Segundo o vice-prefeito de Bom Jesus do Sul, Cezar Bueno, existe um número expressivo de pacientes que acabam não comparecendo aos agendamentos.
O número de pacientes que agendam consultas, exames e procedimentos médicos, mas não comparecem tem aumentado no município de Bom Jesus do Sul, comprometendo vagas para outros necessitados e sobrecarregando o sistema de saúde pública.
O vice-prefeito Cezar Bueno alerta para a gravidade do problema, comum na região, e cobra maior responsabilidade no uso de recursos públicos.
O agendamento prévio organiza o atendimento para evitar longas esperas, mas as ausências geram prejuízos em cadeia: veículos de transporte reservados ficam ociosos, clínicas perdem horários reservados e profissionais de saúde interrompem fluxos.

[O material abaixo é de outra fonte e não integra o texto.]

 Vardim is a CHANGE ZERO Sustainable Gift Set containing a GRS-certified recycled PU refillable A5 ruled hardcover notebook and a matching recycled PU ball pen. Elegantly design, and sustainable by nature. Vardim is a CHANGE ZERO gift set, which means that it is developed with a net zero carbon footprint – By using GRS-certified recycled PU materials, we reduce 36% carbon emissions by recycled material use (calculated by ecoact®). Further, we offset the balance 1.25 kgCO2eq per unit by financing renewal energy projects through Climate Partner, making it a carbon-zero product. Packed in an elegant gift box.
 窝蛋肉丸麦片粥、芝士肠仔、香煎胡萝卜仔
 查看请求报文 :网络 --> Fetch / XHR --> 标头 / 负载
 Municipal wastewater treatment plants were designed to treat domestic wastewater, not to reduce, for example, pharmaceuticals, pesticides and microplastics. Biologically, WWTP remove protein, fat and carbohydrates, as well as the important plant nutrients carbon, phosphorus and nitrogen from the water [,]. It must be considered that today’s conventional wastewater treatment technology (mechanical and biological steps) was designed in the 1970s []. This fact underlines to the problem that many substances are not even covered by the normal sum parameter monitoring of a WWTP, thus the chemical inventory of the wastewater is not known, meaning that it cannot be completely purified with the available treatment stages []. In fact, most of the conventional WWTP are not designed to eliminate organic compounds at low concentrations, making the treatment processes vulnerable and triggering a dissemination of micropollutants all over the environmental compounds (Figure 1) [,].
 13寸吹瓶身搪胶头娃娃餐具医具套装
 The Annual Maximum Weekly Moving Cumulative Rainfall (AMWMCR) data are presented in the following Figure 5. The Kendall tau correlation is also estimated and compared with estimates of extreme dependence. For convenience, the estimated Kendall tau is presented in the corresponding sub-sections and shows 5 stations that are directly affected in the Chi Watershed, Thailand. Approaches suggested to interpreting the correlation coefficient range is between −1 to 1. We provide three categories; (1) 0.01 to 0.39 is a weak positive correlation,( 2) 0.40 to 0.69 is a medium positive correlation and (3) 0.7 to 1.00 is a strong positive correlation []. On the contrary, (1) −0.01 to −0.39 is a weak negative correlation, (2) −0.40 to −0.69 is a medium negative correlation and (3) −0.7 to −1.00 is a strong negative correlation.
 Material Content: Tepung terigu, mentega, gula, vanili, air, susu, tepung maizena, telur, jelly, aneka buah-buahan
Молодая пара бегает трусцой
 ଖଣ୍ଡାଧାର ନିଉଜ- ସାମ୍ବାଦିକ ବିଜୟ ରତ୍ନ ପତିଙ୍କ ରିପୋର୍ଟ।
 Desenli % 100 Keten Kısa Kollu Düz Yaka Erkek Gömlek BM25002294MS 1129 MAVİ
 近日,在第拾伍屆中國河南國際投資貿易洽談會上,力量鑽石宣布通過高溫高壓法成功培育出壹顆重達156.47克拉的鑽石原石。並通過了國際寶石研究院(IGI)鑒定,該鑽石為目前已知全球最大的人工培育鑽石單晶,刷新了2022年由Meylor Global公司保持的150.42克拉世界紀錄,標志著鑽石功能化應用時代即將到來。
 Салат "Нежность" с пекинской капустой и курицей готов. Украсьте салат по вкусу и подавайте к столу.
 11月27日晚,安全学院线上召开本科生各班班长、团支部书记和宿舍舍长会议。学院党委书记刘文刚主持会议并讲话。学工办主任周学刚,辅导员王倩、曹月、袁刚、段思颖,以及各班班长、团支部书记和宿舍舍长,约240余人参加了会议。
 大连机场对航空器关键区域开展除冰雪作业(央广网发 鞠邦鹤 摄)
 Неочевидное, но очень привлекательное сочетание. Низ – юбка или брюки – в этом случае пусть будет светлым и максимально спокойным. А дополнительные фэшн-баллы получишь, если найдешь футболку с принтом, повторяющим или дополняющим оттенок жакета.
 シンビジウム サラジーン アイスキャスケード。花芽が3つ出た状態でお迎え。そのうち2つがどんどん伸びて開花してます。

“Lamentavelmente, isso tem piorado. As pessoas cobram direitos mas esquecem os deveres. Quando alguém falta a uma consulta, exame ou desiste de cirurgia já preparada, tira a vaga de outra pessoa que pode estar com dor ou precisando urgentemente. Perdemos a empatia nessa área essencial da saúde”, destacou o vice-prefeito.
Cezar ainda citou exemplos extremos, segundo ele, há pacientes que perdem mamografias por receberem visitas. “Sempre há alguém esperando na fila. O município paga mamografias com recursos livres para evitar que as pacientes necessitem ir para outros municípios, no entanto há alguns dias havíamos agendado 10 pacientes num dia, seis faltaram sem avisar”.
Essa situação conforme o secretário se estende a todos os níveis.
“Não ocorre só em mamografias ou consultas nas Unidades Básicas de Saúde, onde há filas e reclamações por espera, mas quando é feito o agendamento, ele é ignorado. Nas cirurgias, é pior: além da fila normal, há exames pré-operatórios como avaliação cardiológica. Quando o paciente está pronto e desiste, perdemos a vaga se não houver substituto imediato”, detalhou Cezar.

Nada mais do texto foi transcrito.